(Data items)
== Segment start ==

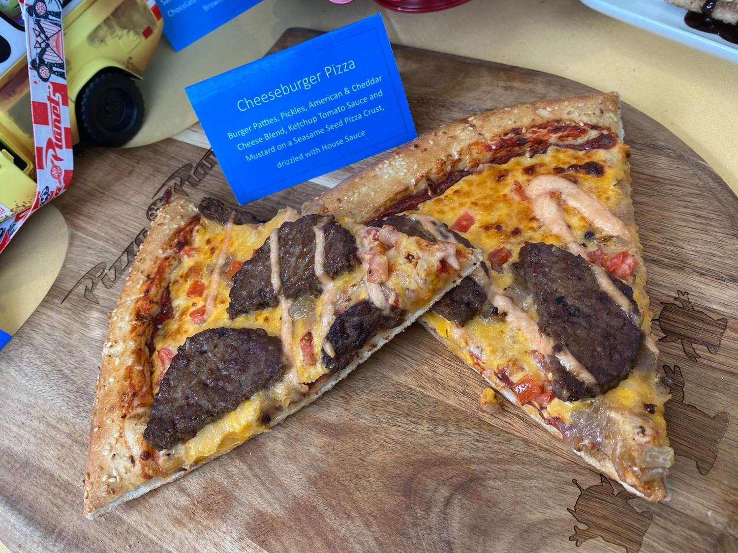 Also back on the menu is the Cheeseburger Pizza Slice (Burger patties, pickles, American & cheddar cheese blend, ketchup tomato sauce, and mustard on a sesame seed pizza crust drizzled with house sauce).
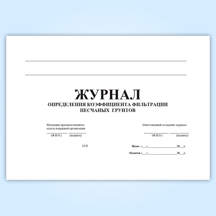 Журнал определения коэффициента фильтрации песчаных грунтов в Сочи купить
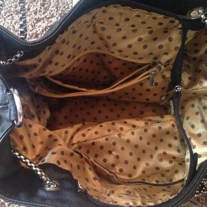 This is a black purse with silver sparkly detailing! Lots of pockets inside with one pocket on the back! Short handled.
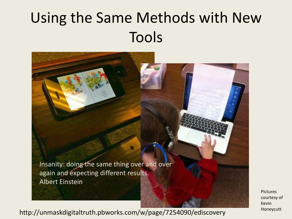 Using the Same Methods with New Tools Insanity: doing the same thing over and over again and expecting different results. Albert Einstein Pictures courtesy of Kevin Honeycutt http://unmaskdigitaltruth.pbworks.com/w/page/7254090/ediscovery
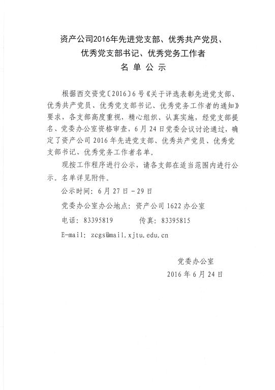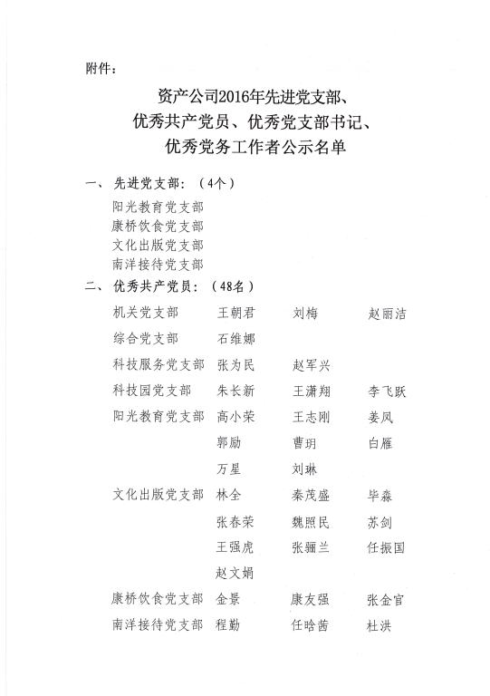资产公司2016年先进党支部、优秀共产党员、优秀党支部书记、优秀党务工作者名单公示
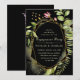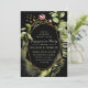 Una elegante Invitación de Engagement Party con acuarela color verde salvaje con flores rosadas en fondo negro. Para una personalización más avanzada de este diseño, haga clic en el botón "Personalizar" de arriba. También están disponibles los elementos coincidentes.
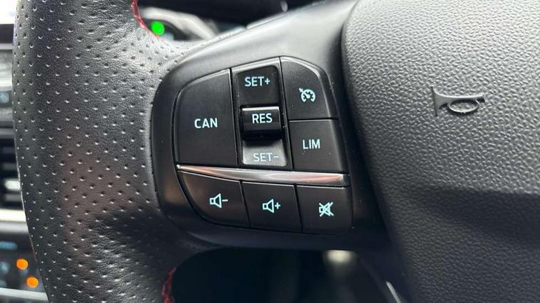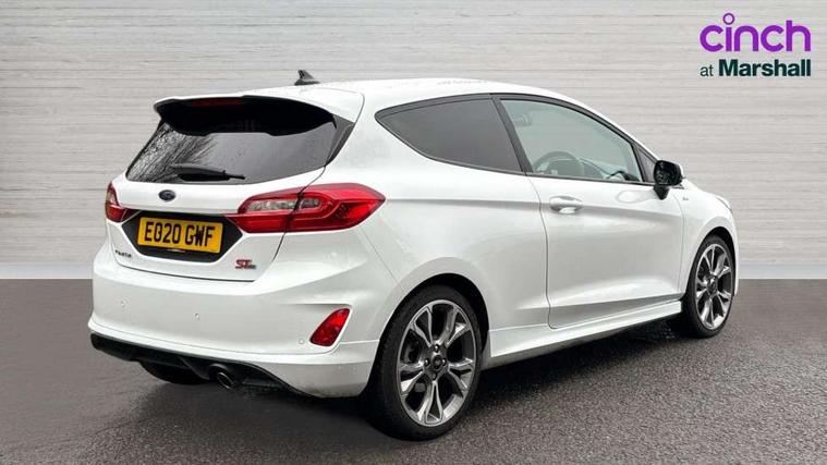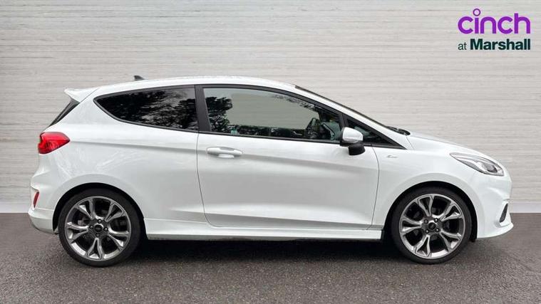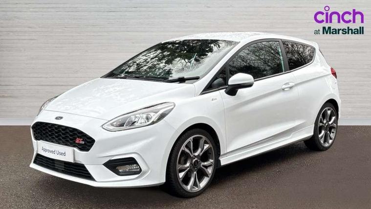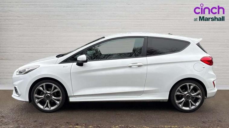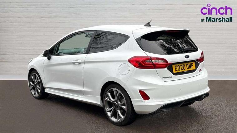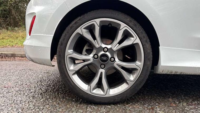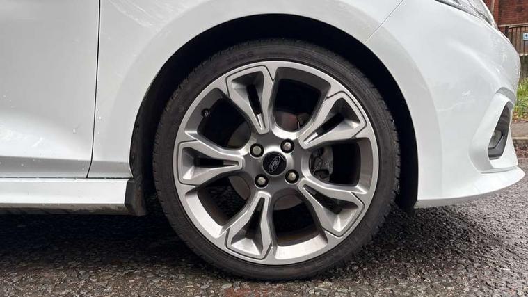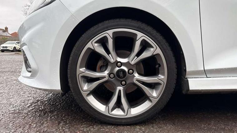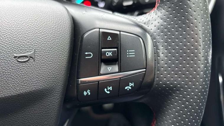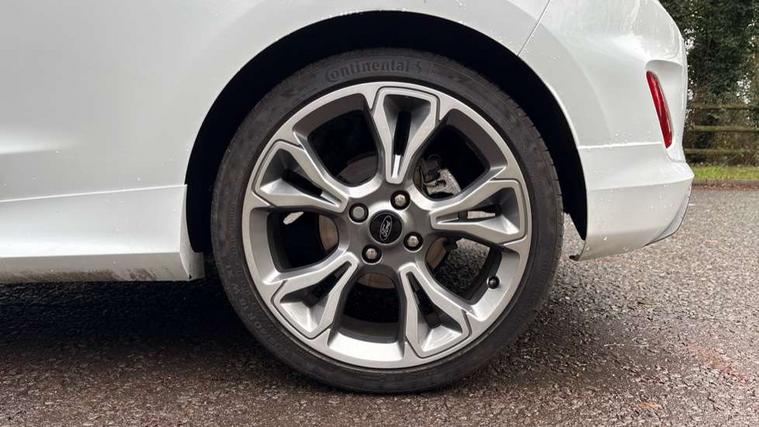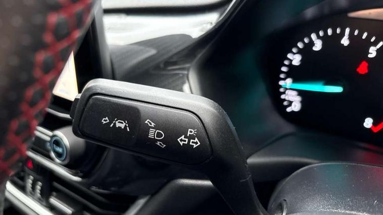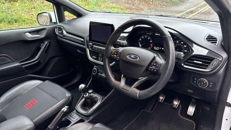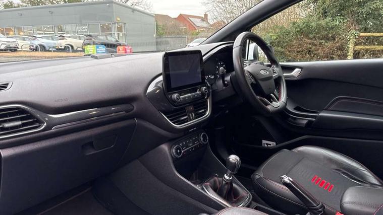 4.2" TFT instrument cluster screen, Bluetooth system, Electric power steering, Ford easy fuel, Rear parking distance sensors, Traffic sign recognition, Trip computer, Sports suspension, 2 USB ports, Auxiliary input socket, B&O Premium audio system with 8" touchscreen, 10 speakers, 360 degree sound system, Ford SYNC 3 navigation system and Ford pass connect, DAB Digital radio, Steering wheel mounted controls, Auto high beam, Body colour bumpers, Body colour door handles, Body colour large rear spoiler, Body coloured electrically operated and heated door mirrors with side indicators, Cornering front fog lights, Electric front windows/one touch facility, LED Night signature to rear lights, Power foldable door mirrors with puddle lights, Quickclear heated windscreen, Rain sensing wipers and auto dimming rear view mirror, Rear privacy glass, Rear wiper, Unique ST-Line upper grille & full bodystyling kit with ST-Line wing badges, 12V Accessory socket in centre console, 3 spoke flat bottomed leather steering wheel, 60/40 split folding rear seat, Adjustable head restraints, Black headlining, Boot carpet, Centre console with armrest and illuminated cupholders, Chrome inner door handles, Drivers and Passenger lumbar support, EATC - Electronic Auto Temperature control, Footwell illumination, Front map reading lights, Front seat and rear pockets, Front/rear floor mats, Height adjustable driver's seat, Height adjustable passenger seat, Illuminated glovebox, LED ambient lighting, Load area light, Overhead console with sunglasses holder, Pollen filter, Rake/reach adjustable steering wheel, Sensico wrapped handbrake and gearknob, Sports front seats, Sports pedals, NCAP Pack - Fiesta, Red pack - Fiesta ST-Line X, 3 point seatbelts on all rear seats, ABS+EBA, Curtain airbags, Driver and passenger airbags, Drivers knee airbag, Electronic stability control with hill start assist, Front passenger airbag deactivation, Front side airbags, Seatbelt warning, Two tone horn, Tyre pressure monitoring system, Ford keyfree system with Keyless entry and keyless start, MyKey system, Remote central locking & engine immobiliser, Thatcham Cat.1 alarm, 18" 5 spoke alloy wheels with rock metallic machined finish,

== Segment end ==

→ Try it:
Output every entry above exactly, minus the pictures.

→ Solution below:
 Also back on the menu is the Cheeseburger Pizza Slice (Burger patties, pickles, American & cheddar cheese blend, ketchup tomato sauce, and mustard on a sesame seed pizza crust drizzled with house sauce).
 Журнал определения коэффициента фильтрации песчаных грунтов в Сочи купить
 This is a black purse with silver sparkly detailing! Lots of pockets inside with one pocket on the back! Short handled.
 Using the Same Methods with New Tools Insanity: doing the same thing over and over again and expecting different results. Albert Einstein Pictures courtesy of Kevin Honeycutt http://unmaskdigitaltruth.pbworks.com/w/page/7254090/ediscovery
资产公司2016年先进党支部、优秀共产党员、优秀党支部书记、优秀党务工作者名单公示
 Una elegante Invitación de Engagement Party con acuarela color verde salvaje con flores rosadas en fondo negro. Para una personalización más avanzada de este diseño, haga clic en el botón "Personalizar" de arriba. También están disponibles los elementos coincidentes.
 4.2" TFT instrument cluster screen, Bluetooth system, Electric power steering, Ford easy fuel, Rear parking distance sensors, Traffic sign recognition, Trip computer, Sports suspension, 2 USB ports, Auxiliary input socket, B&O Premium audio system with 8" touchscreen, 10 speakers, 360 degree sound system, Ford SYNC 3 navigation system and Ford pass connect, DAB Digital radio, Steering wheel mounted controls, Auto high beam, Body colour bumpers, Body colour door handles, Body colour large rear spoiler, Body coloured electrically operated and heated door mirrors with side indicators, Cornering front fog lights, Electric front windows/one touch facility, LED Night signature to rear lights, Power foldable door mirrors with puddle lights, Quickclear heated windscreen, Rain sensing wipers and auto dimming rear view mirror, Rear privacy glass, Rear wiper, Unique ST-Line upper grille & full bodystyling kit with ST-Line wing badges, 12V Accessory socket in centre console, 3 spoke flat bottomed leather steering wheel, 60/40 split folding rear seat, Adjustable head restraints, Black headlining, Boot carpet, Centre console with armrest and illuminated cupholders, Chrome inner door handles, Drivers and Passenger lumbar support, EATC - Electronic Auto Temperature control, Footwell illumination, Front map reading lights, Front seat and rear pockets, Front/rear floor mats, Height adjustable driver's seat, Height adjustable passenger seat, Illuminated glovebox, LED ambient lighting, Load area light, Overhead console with sunglasses holder, Pollen filter, Rake/reach adjustable steering wheel, Sensico wrapped handbrake and gearknob, Sports front seats, Sports pedals, NCAP Pack - Fiesta, Red pack - Fiesta ST-Line X, 3 point seatbelts on all rear seats, ABS+EBA, Curtain airbags, Driver and passenger airbags, Drivers knee airbag, Electronic stability control with hill start assist, Front passenger airbag deactivation, Front side airbags, Seatbelt warning, Two tone horn, Tyre pressure monitoring system, Ford keyfree system with Keyless entry and keyless start, MyKey system, Remote central locking & engine immobiliser, Thatcham Cat.1 alarm, 18" 5 spoke alloy wheels with rock metallic machined finish,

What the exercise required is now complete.